The Taylor series for the van der Waals equation is derived by taking the first and second derivatives of the equation with respect to pressure and volume. These derivatives are then evaluated at a specific point, typically the critical point, and used to construct the Taylor series expansion. This series is then truncated to a desired order, with higher orders providing more accurate results.

## 3. What is the significance of the Taylor series expansion for the van der Waals equation?

The Taylor series expansion is significant because it allows for a more accurate prediction of gas behavior at non-ideal conditions. This is especially important for gases that deviate significantly from ideal behavior, such as at high pressures and low temperatures. The expansion also provides insight into the effects of intermolecular forces on gas behavior.

## 4. What are the limitations of the Taylor series expansion for the van der Waals equation?

While the Taylor series expansion provides a more accurate prediction of gas behavior compared to the original van der Waals equation, it is not a perfect model. The expansion is only valid for gases that behave according to the van der Waals equation, and it becomes less accurate at extreme pressures and temperatures. Additionally, the accuracy of the expansion depends on the order of the series used, with higher orders providing more accurate results but also requiring more computation.

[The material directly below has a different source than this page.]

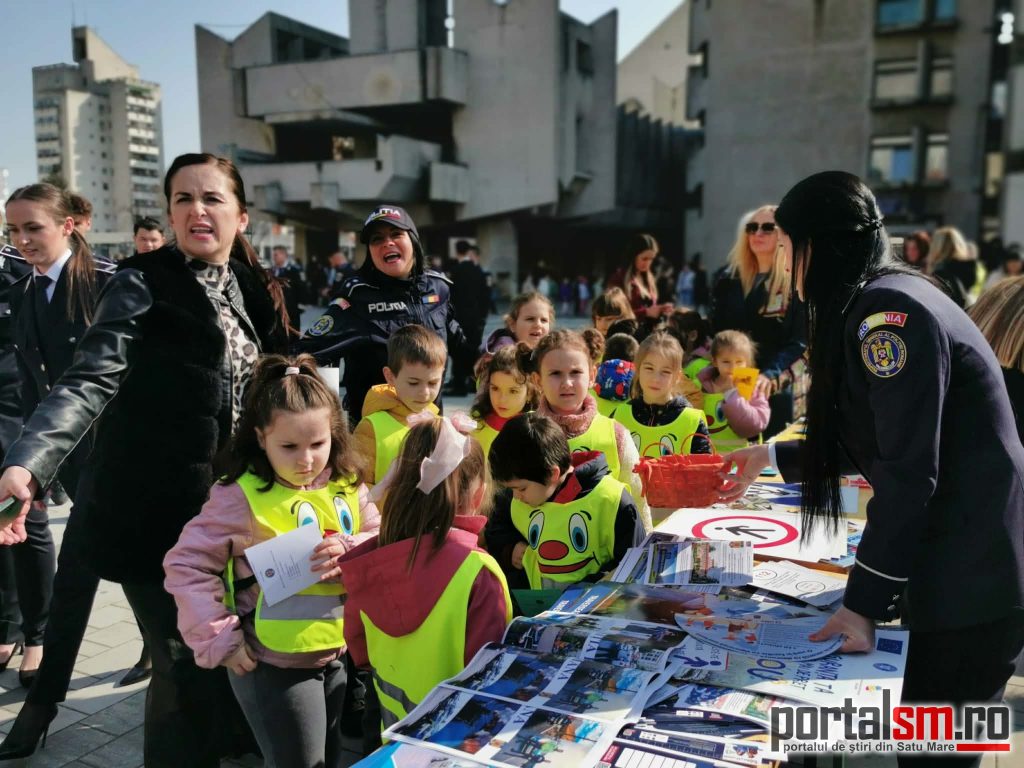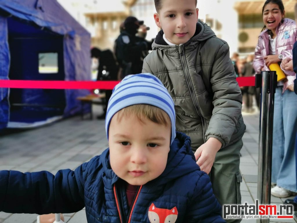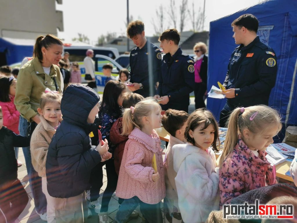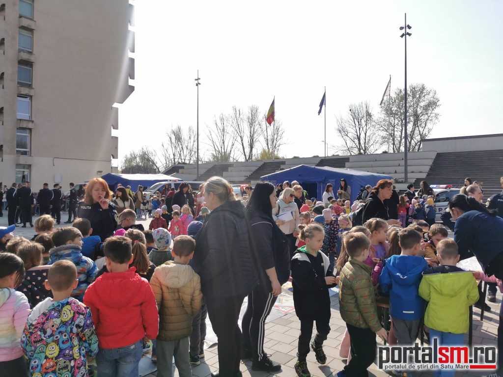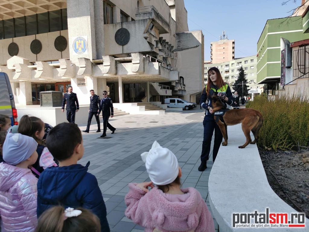 Miercuri dimineață, platoul din centrul orașului s-a transformat într-un adevărat punct de atracție, unde participanții au putut vedea de aproape cum arată munca polițiștilor.

## 5. How is the Taylor series expansion used in thermodynamic calculations?

The Taylor series expansion is used in thermodynamic calculations to predict gas behavior at non-ideal conditions. It is commonly used in the study of phase transitions, where the behavior of gases deviates significantly from ideal behavior. The expansion is also used in the development of other thermodynamic models and equations, providing a foundation for more complex calculations.